KEY POINTS:
There was no need for Woolworths to rush to lodge its appeal against the Commerce Commission's Warehouse decision, just a week after the commission blocked it from buying the general merchandiser.
Woolworths put its appeal in yesterday without knowing why it had been rejected in the first place, when it actually had 20 working days to decide. In reality it probably had longer - the courts have discretion to extend that 20 days deadline and almost certainly would have had the Commerce Commission been slow in publishing its reasons for the rejection.
But what Woolies was trying to do was send a message to Warehouse shareholders: don't sell into the first takeover offer that you get.
With Pacific Equity Partners reheating its privatisation plan for The Warehouse and potentially making a bid within weeks, Woolworths had no time to lose.
The Australian retailer had already told The Warehouse board it was prepared to pay $7.15 a share, news that filtered through to the media last week. Now it needed to assure shareholders that it was still interested, despite failing to win Commerce Commission clearance.
Essentially, though, the choice hasn't changed for The Warehouse shareholders.
Should they be presented with a bid from Pacific Equity Partners - probably for about $6 a share - do they take that now? Or do they wait for the Woolworths appeal to run its course, potentially 12 months from now, to get 19 per cent more if Woolworths wins?

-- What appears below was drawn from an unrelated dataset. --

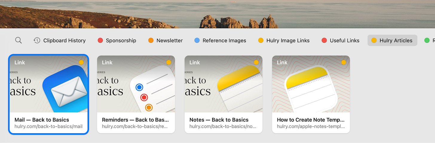 First, I’ve saved a few of my frequently pasted links, code snippets and text into Collections, which I can access anytime by pressing ⌘ + Shift + V: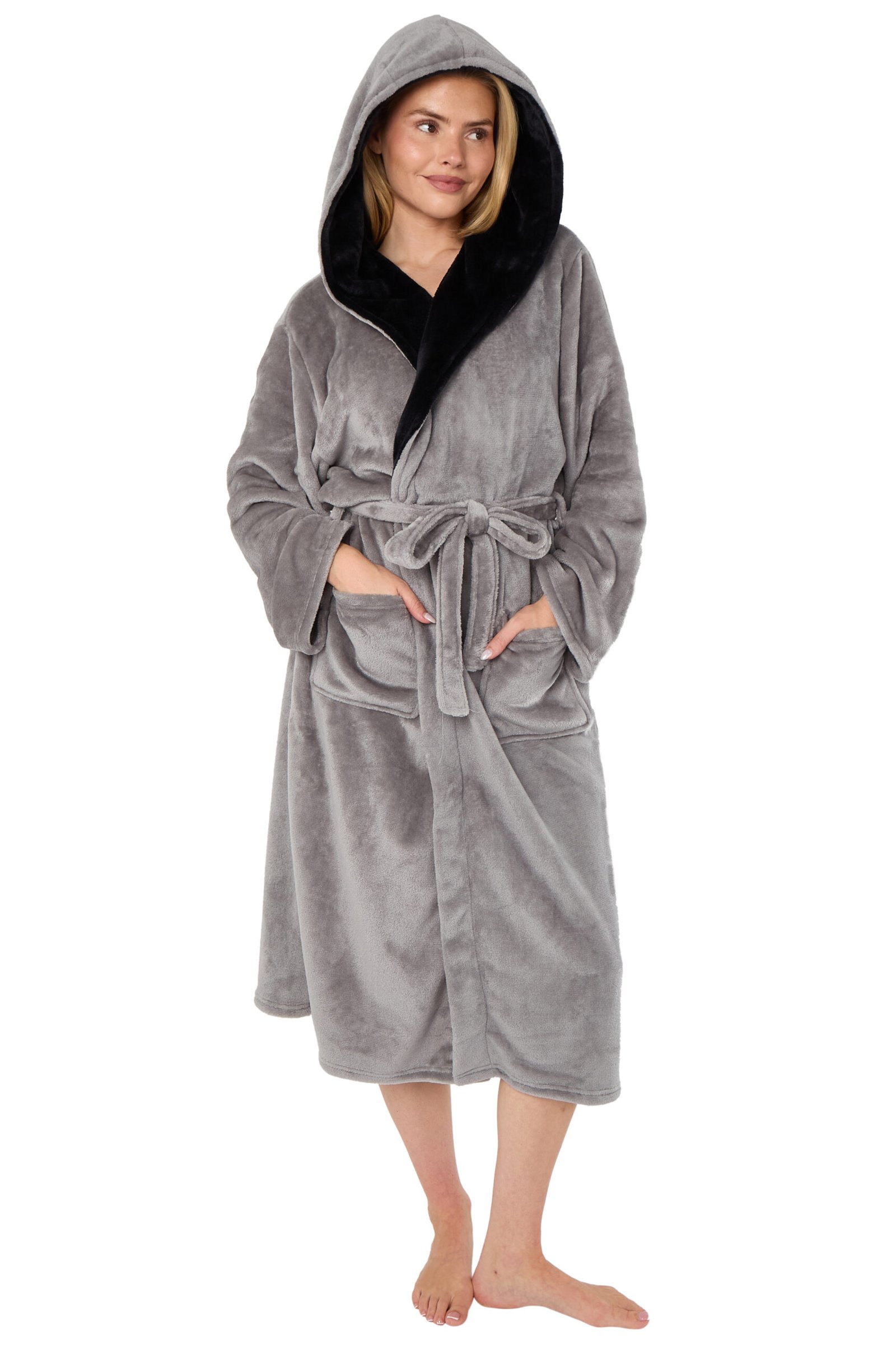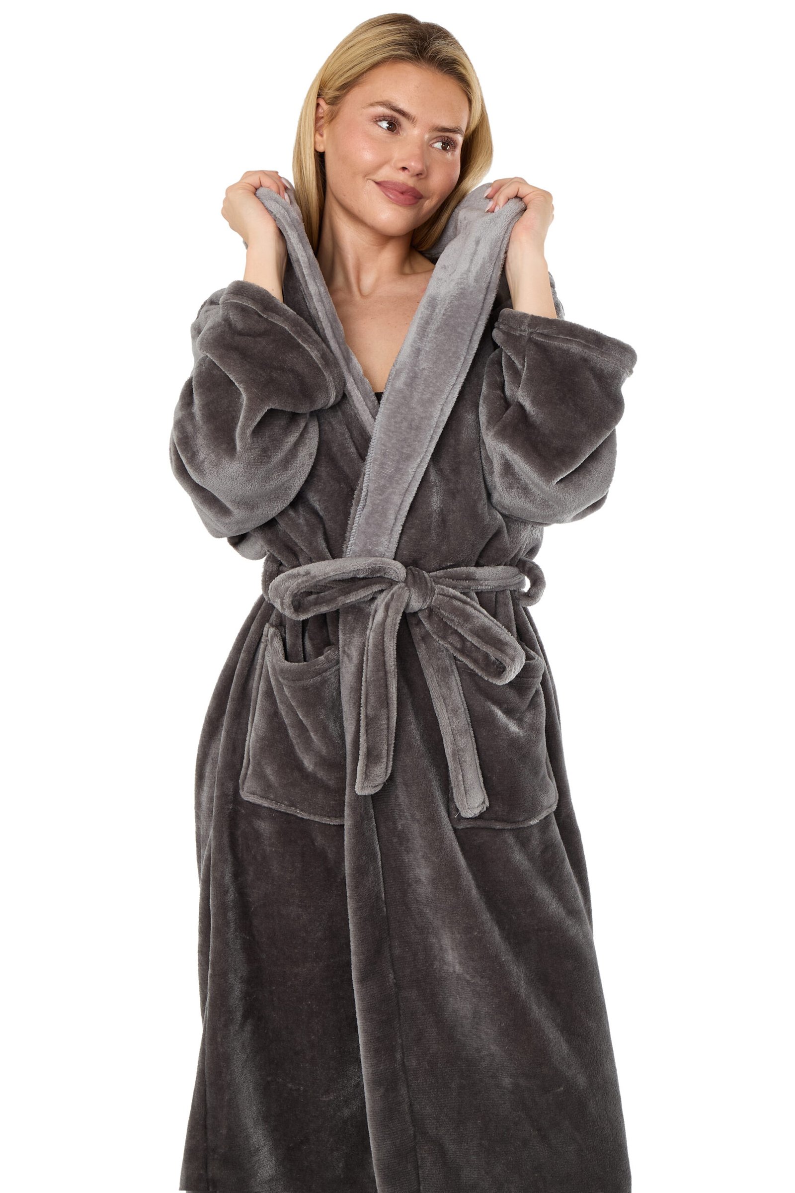 The cosy hood adds an extra layer of comfort, while the classic shawl collar creates a timeless and elegant look. Designed as a unisex dressing gown, it’s perfect for both men and women who value high-quality loungewear that feels as good as it looks. The soft flannel fleece texture provides gentle warmth, turning every moment at home into a calming retreat.

There are two big ifs. First, Woolies has to win the appeal.
Second, only The Warehouse board has seen the letter from Woolworths chief executive Michael Luscombe saying the company would pay $7.15 a share. Warehouse chairman Keith Smith hasn't publicly acknowledged that letter, which suggests it falls a long way short of any firm offer, otherwise Smith would be obliged to make it public under market disclosure rules.
So shareholders would have to be putting a lot of faith in Woolworths if they turned down a certain offer from Pacific Equity Partners for a potential offer down the track.
Woolworths already looks as if it's working on a contingency plan. Reports this week from Australia suggest it has expressed interest in buying Coles' 13 Kmart stores in New Zealand.
This would be a second-best option to its planned $2 billion bid for the 90 per cent of Warehouse shares it doesn't already own. That would give it 85 Red Shed store sites to add to its supermarket chain and immediately make it by far the dominant retailer in New Zealand.
As for Pacific Equity Partners, it has to decide whether it tries to trump Woolworths with a quick bid and deal with the spectre of a higher Woolworths bid looming over its own offer. Or it could risk waiting and hope that the Commerce Commission's decision can withstand an appeal so it can have an unimpeded run at The Warehouse.
Lawyers will be rubbing their hands together as Round 2 begins.